Kidney disease is evaluated in terms of overall renal function (glomerular filtration rate, GFR) and the presence of kidney damage established by either kidney biopsy or other markers of kidney damage.3 Chronic kidney disease (CKD) is a common condition in which there is a loss of kidney function over time. CKD is associated with increased risks of several co morbidities; not limited to but including cardiovascular disease and chronic renal failure.4
Chronic kidney disease is an emergent worldwide public health problem. In the United States, the prevalence of end-stage renal disease (ESRD) is increasing.5 CKD is increasingly common in developed and developing nations.2
Screening and intervention can prevent chronic kidney disease, and where management strategies have been implemented the incidence of end-stage kidney disease has been reduced. Awareness of the disorder, however, remains low in many communities and among many physicians.6
There is a greater need in understanding of the mechanisms underlying renal scarring leading to ESRD to advise on current and future interventions as well as evidence relating to interventions to slow the progression of CKD. Strategies to reduce burden and costs related to chronic kidney disease need to be included in national programs for non-communicable diseases.6 This paper aimed at exploring the epidemiology, diagnosis, treatment and management of chronic kidney disease.
Methodology
A literature search for chronic kidney diseases (CKD) and end stage renal diseases (ESRD) was carried out.
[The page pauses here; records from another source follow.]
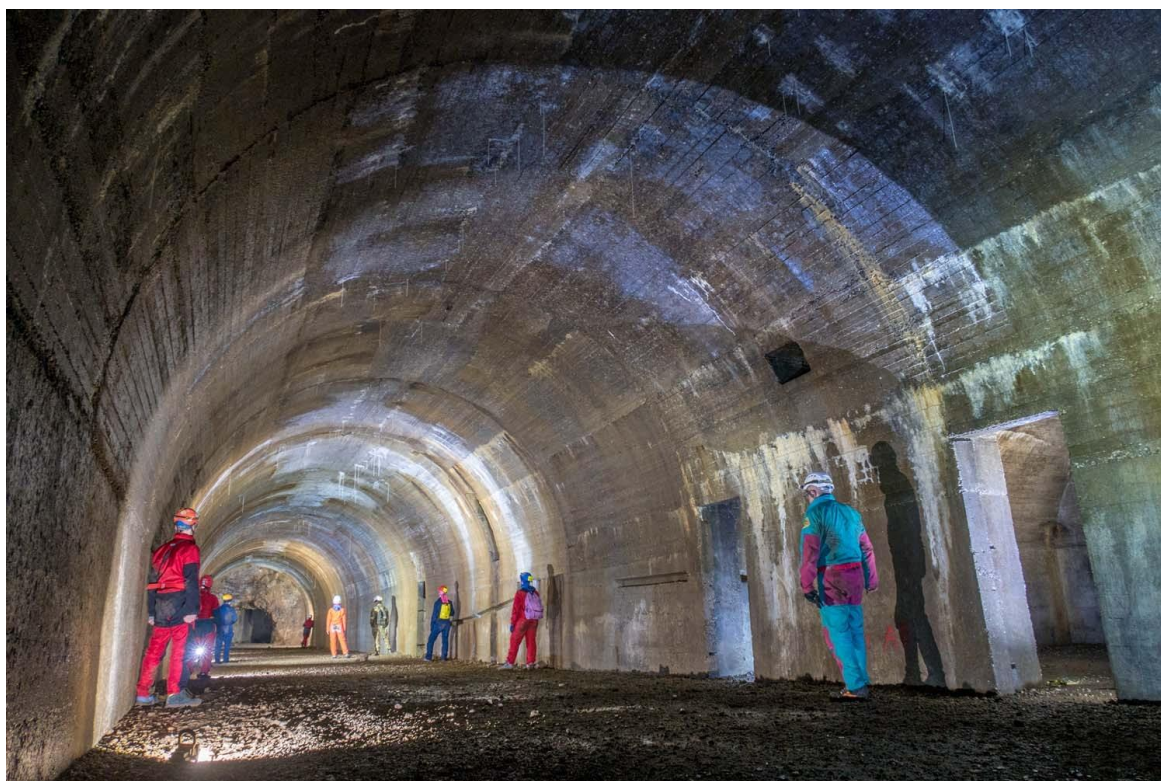
Figura 12: Visita e documentazione fotografica al rifugio antiaereo a Monfalcone.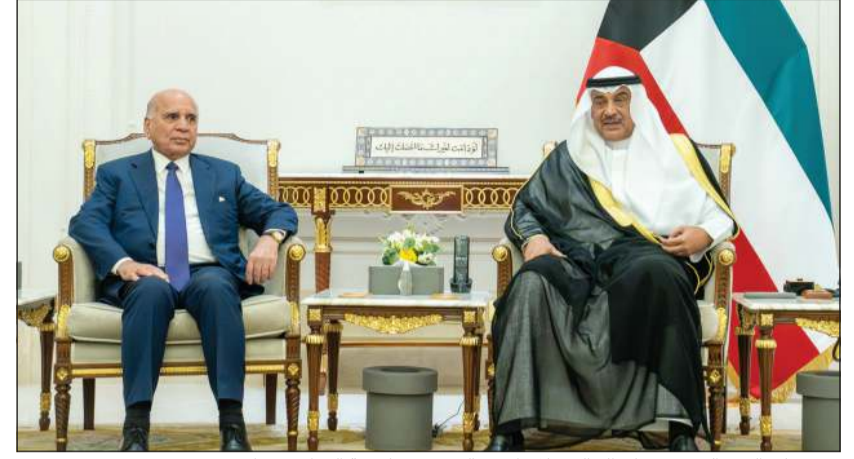
سمو ولي العهد الشيخ صباح الخالد خلال استقباله وزير خارجية العراق د.فؤاد محمد حسين

هنا، وقد رحب سموه به وبالوفد المرافق له في مستهل اللقاء متمنيا سموه لهم التوفيق والنجاح خلال هذه الزيارة. حضر اللقاء رئيس ديوان سمو ولي العهد الشيخ ثامر الجابر ووزير الخارجية الشيخ جراح الجابر والمسؤولين.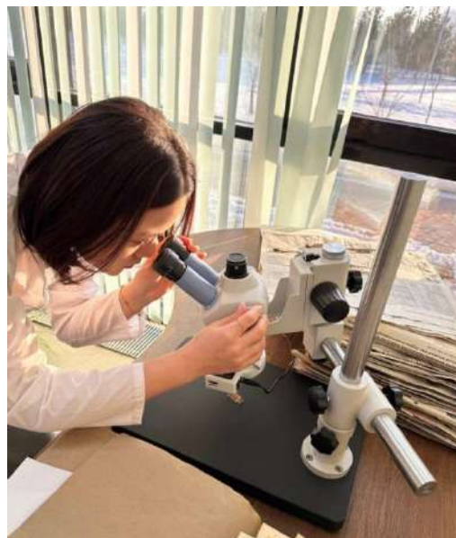
Сурет 1 Жалпы биология және геномика кафедрасының зертханасында гербарий үлгісінің жасалу барысы

Қазақстанның гербарий коллекцияларының 2016-2020 жылдар аралығындағы жағдайы туралы нақты сандық мәліметтер шектеулі. Дегенмен, осы кезеңде гербарийлерді цифрландыру және олардың қолжетімділігін арттыру бағытында жұмыстар жүргізілді.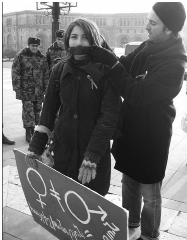
Дискриминация начинается с молчаливого согласия...

Достаточно сильны в обществе и стереотипные представления о месте и роли женщины. К примеру, 46% опрошенных, которые выражают свое абсолютное согласие с установкой "Политика не женское дело" — это свидетельство серьезной силы этого стереотипа в армянском обществе. При этом вызывает беспокойство, что 40% подверженных этому стереотипу респондентов — женщины. "Женщины сами дискриминируют женщин. Недоверием дискриминируют. На этом недоверии строится засилье мужчин в политике и во власти. Подумайте, кто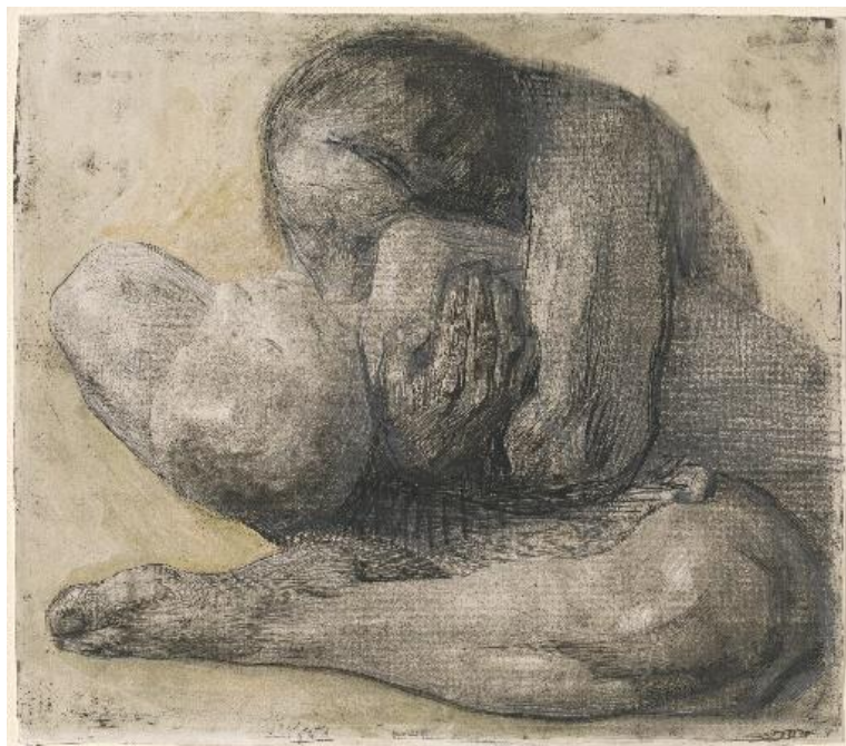
Slika 10. Käthe Kollwitz, Woman with a dead child, 1903.

Poveznicu s njenim pomalo mračnim grafikama pronašla sam ne samo u likovnom izrazu već i priči koja se nalazi iza njenih grafika. One su često bile inspirirane gubitkom članova obitelji s čime sam se mogla direktno poistovjetiti. Konkretno, gubitak njenog sina doveo je do umjetničinog životnog istraživanja teme žalosti. 42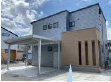
外から中が見えない玄関。自転車も雨に濡れずに収納可能♪

買い物をして帰ってきたら、玄関収納→パントリー→キッチンと片付けながら家に入ることができます。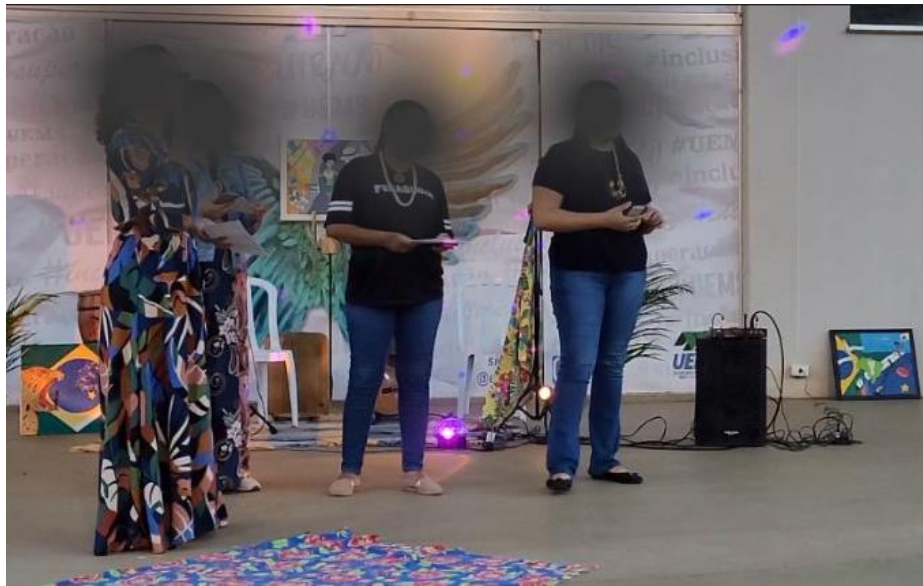
Figura 7 - Mulata Exportação

gênero e sexo que se interseccionam. Foram recitadas A Ilha , Poemeto de amor ao próximo , Aviso da lua que menstrua , Cor-respondência e Mulata exportação 56 , a qual damos destaque.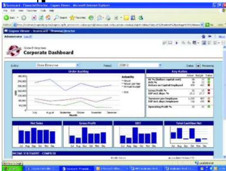
Acoperire complet a raportului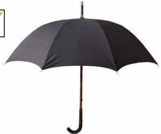
இஹ்ராம் அணிந்த நிலையில் குடை பயன்படுத்தல்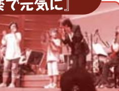
6月4回 チラシにてご案内

日程 第一回公演 開場10時15分~ 8月10日(水) 第二回公演 開場13時45分~ 場所 NHK大阪ホール (大阪市中央区大手前4-1-20) 参加対象 4歳以上(託児なし)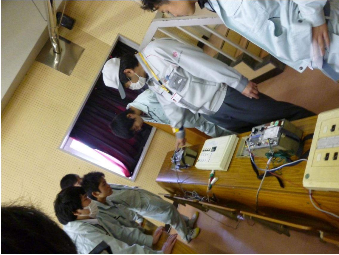
漏電遮断器動作試験 体験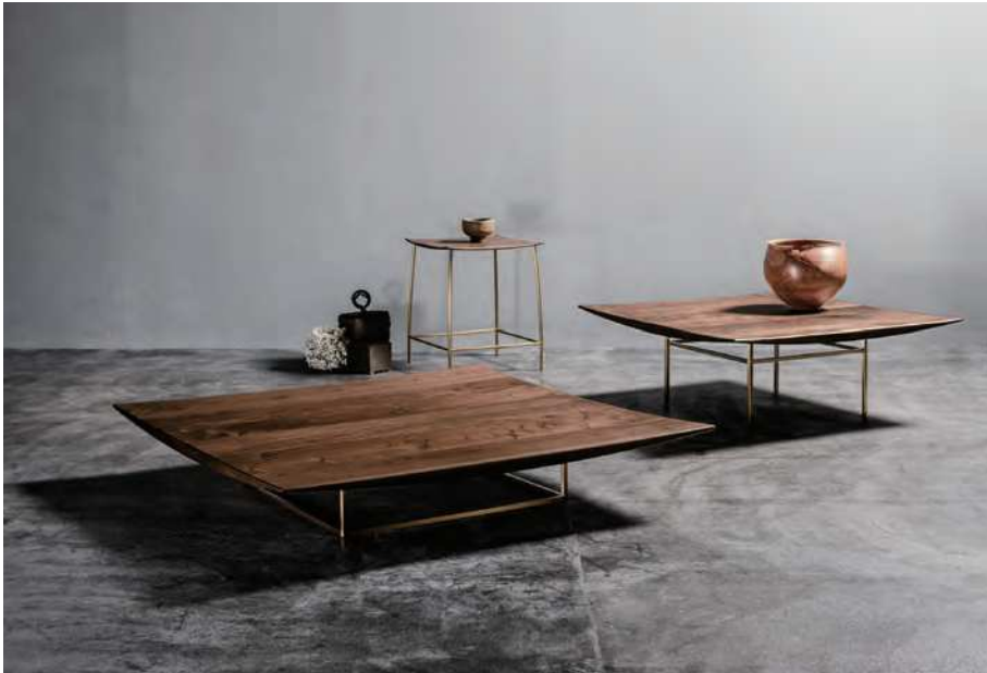
IBIZA FORTE livingtable, sidetable

リッツウェルの家具は、フォルムの美しさを最大限に引き出す卓越した素材使いが特徴の一つです。素材とフォルム。その二つが互いの存在を高めあうことで、デザインに独特の味わいと有機的な美しさをもたらすという考えの下、常に素材を生かすための様々な試みを行っているリッツウェルでは、このたび新たに日本の伝統色をベースにしたステンレススティール（6色）と、植物タンニン鞣しの厚革に新色（2色）を追加しました。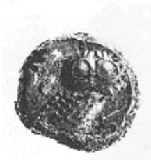
البومة (٣ - ب)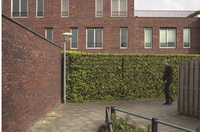
Zorgcomplex De Jol, Lelystad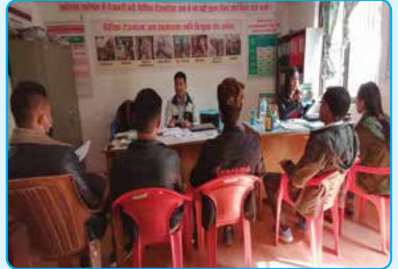
MRC मा परामर्श गर्दै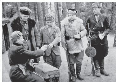
Партизаны идут на задание. 1943 г.

Коллораборационизм — осознанное, добровольное и умышленное сотрудничество с врагом в его интересах и в ущерб своему государству.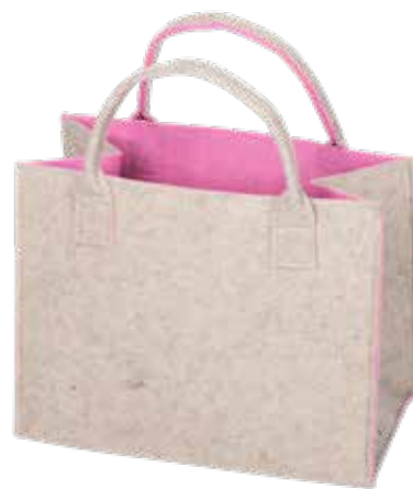
8191/HR 35x20x30/43 cm (LxBxH)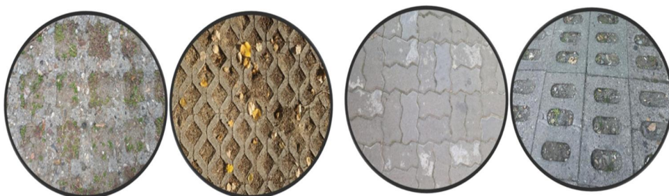
Slika 2. Najčešći tipovi poroznih popločanja Figure 2. The most common types of porous pavements

U okviru saobraćajne infrastrukture, primena principa održivog razvoja zahteva transformaciju tradicionalnih, energetski zahtevnih procedura izgradnje u cilju obnavljanja prirodne sposobnosti površina da apsorbiraju kišnicu. Jedno od efikasnih rešenja koje se primenjuje globalno je uvođenje poroznih popločanja u urbanim sredinama. Najčešći tipovi poroznih popločanja su: porozni asfalt, betonske raster ploče, porozni beton i porozne behaton ploče (slika 2). Razlika između ovih proizvoda ogleda se u mehanizmu propustljivosti: neki materijali sadrže pore sposobne da transportuju značajne količine vode, dok su drugi postavljeni tako da kišnica prolazi kroz prostore između elemenata popločavanja [7, 8, 9, 13].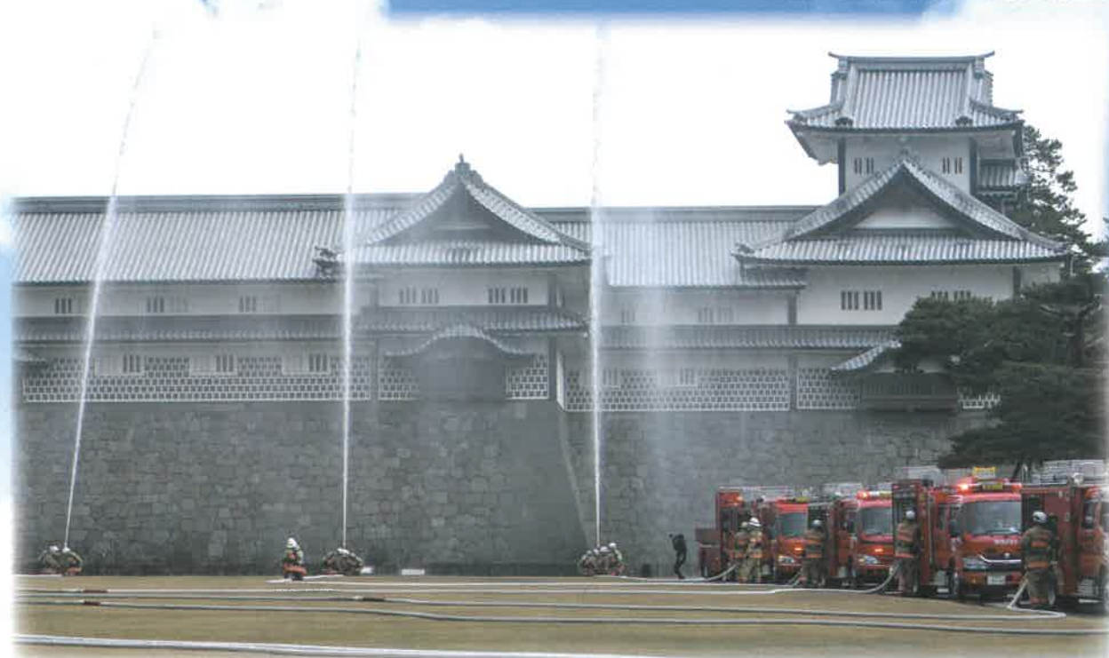
金沢城公園での火災防御訓練の様子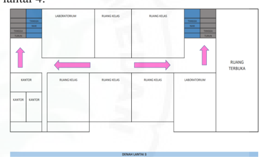
Gambar 6 . Jalur evakuasi di SMAS Primbana di lantai 3

Penentuan jalur evakuasi di SMAS Primbana dilakukan dengan focus group discussion (FGD) bersama siswa, guru, dan kepala sekolah. Siswa yang terlibat dalam FGD ini adalah siswa yang telah ditetapkan oleh sekolah sebagai agen perubahan untuk pengurangan risiko bencana di lingkungan sekolah SMAS Primbana. Dalam FGD ini, siswa diajak berfikir untuk merancang jalur penyelamatan tercepat dari gedung lantai 4 dan lantai 3 yang ditempati SMAS Primbana menuju ke halaman sekolah. Hasil rancangan jalur penyelamatan tercepat dari gedung lantai 4 dan lantai 3 kemudian digambarkan pada denah sekolah. Gambar 6. menunjukkan jalur evakuasi di SMAS Primbana di lantai 3. Sedangkan Gambar 7. menunjukkan jalur evakuasi di SMAS Primbana di lantai 4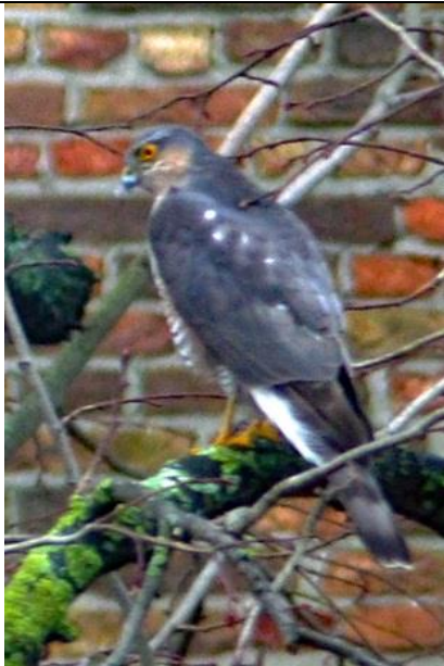
07/02, sperwer , NH kerk, Maasland, Thérèse Zwaard,

Vandaag, 7 februari om ca. 11.00 waren twee eksters nogal druk in de boom bij de toren van de NH kerk in Maasland. Ze probeerden deze sperwer weg te jagen, maar de sperwer was niet echt onder de indruk (de foto is gemaakt door het dubbelglas, dus niet echt mooi scherp).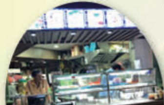
老巴剎市場 同學在市場內自由選購食物，感受當地飲食文化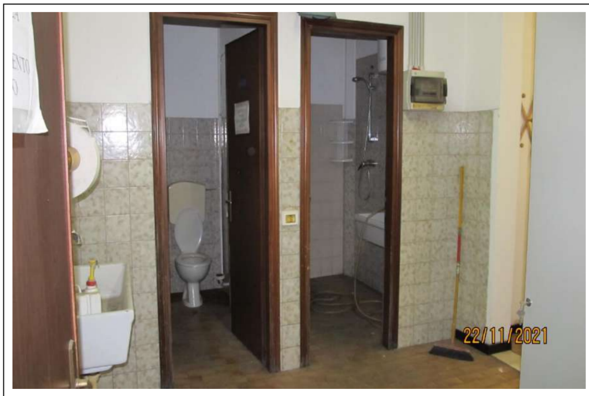
Fotogramma 11/16 – Particolare dei bagni.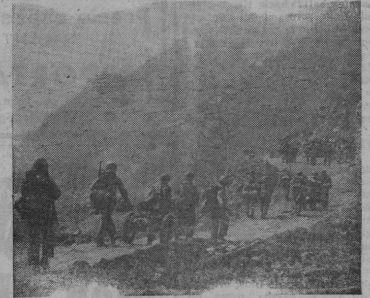
GUERRA EN COREA

Tras una buena "limpieza" por medio de fuego artillero y de morteros, los célebres "Marines" americanos — que conforman las fuerzas de las Naciones Unidas — se dirigen a ocupar posiciones estratégicas en el Norte de Corea.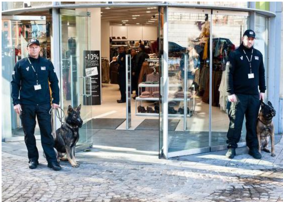
Surveillance et gardiennage sont leurs principales missions.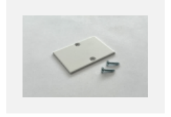
145-50101, S 2 x Metall-Endkappe mit Schrauben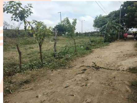
Pie de foto: Ante la solicitud de la comunidad, realizamos jornada de desmonte en el sector Minuto de Dios, como parte de la preparación para una jornada de limpieza organizada por el Consejo Comunitario de Tierra Baja.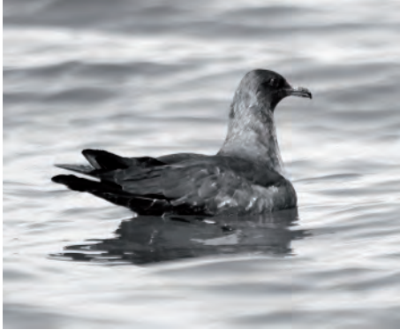
Рис. 4. Средний поморник.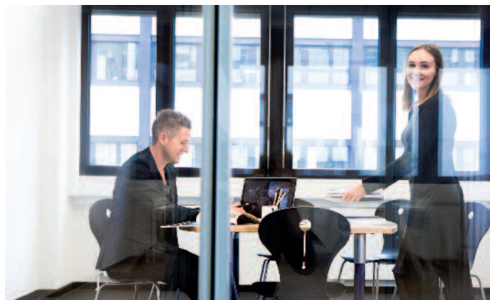
Doch trotz aller Technik: Ohne Menschen und eine vertrauensvolle Kundenberatung geht auch in dem automatisiertesten Business nichts.

nen Technologie-Umfeld unterwegs. Deshalb verbinden wir die unterschiedlichsten Technologien zu einem sinnvollen Großen und Ganzen«, konstatiert Schneider.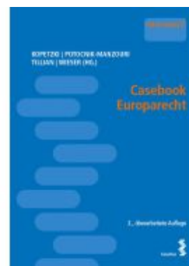
Casebook Europarecht Ladenpreis: 29,00EUR

Alle Preise inkl. MwSt. zzgl. Versand. Bei Bestellung im LexisNexis Onlineshop kostenloser Versand innerhalb Österreichs.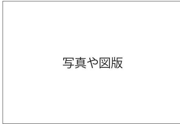
図 or 写真○. タイトル

図版には必要に応じてキャプションをつけてください。図版には必要に応じてキャプションをつけてください。図版には必要に応じてキャプションをつけてください。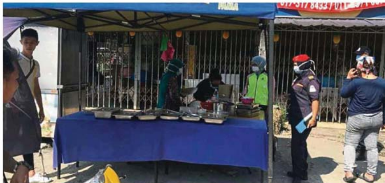
MPS enforcement officers on their rounds to warn roadside food stalls operating as usual in Selayang on the first day of movement control.

Local councils conduct checks to ensure hawkers, non-essential services obey movement control order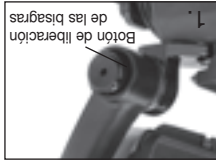
1. Botón de liberación de las bisagras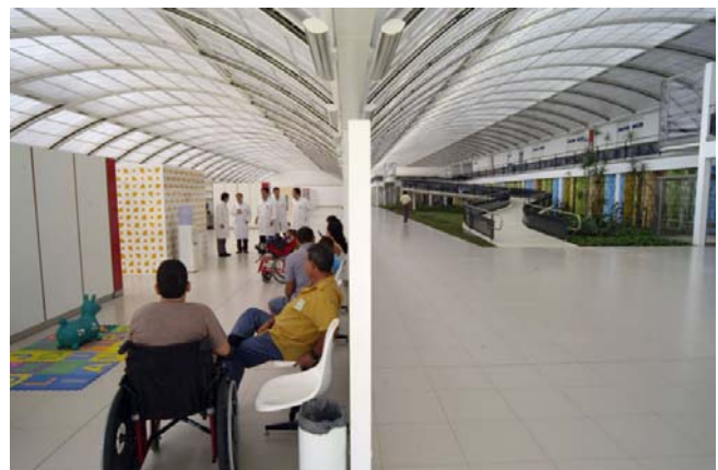
Figura 20: o painel de azulejos (à esquerda) e o painel de argamassa multicolorido (à direita) mostram como Lelé assimilou os ensinamentos de Athos.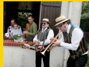
Les fanfares sont allées visiter les quartiers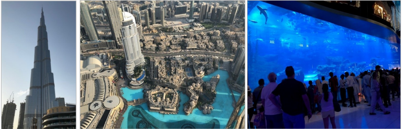
「ブルジュ・ハリファ」(写真左)の124階にある展望台(452m)から見下ろした風景と「ドバイ・モール」内のアクアリウム

ドバイでは、石油が発見される前の産業は漁業と天然真珠の輸出くらいしかありませんでしたが、日本が真珠の養殖に成功するや壊滅的な打撃を受け、世界恐慌と重なり危機的状況となったそうです。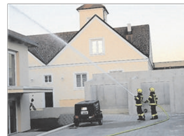
Tatkraft. Bei einer Übung wurde ein Brand angenommen und gelöscht.

Articles were retrieved by performing searches using online electronic databases (Pub Med, Medline plus, Mendeley, Google Scholar, Research Gate, Global Health and Scopus). Articles were streamlined to epidemiology and management of CKD and ESRD. Titles and abstracts of these results were reviewed and selected for inclusion based on relevancy to the research question. Overall, 30 articles and references were utilized for the study.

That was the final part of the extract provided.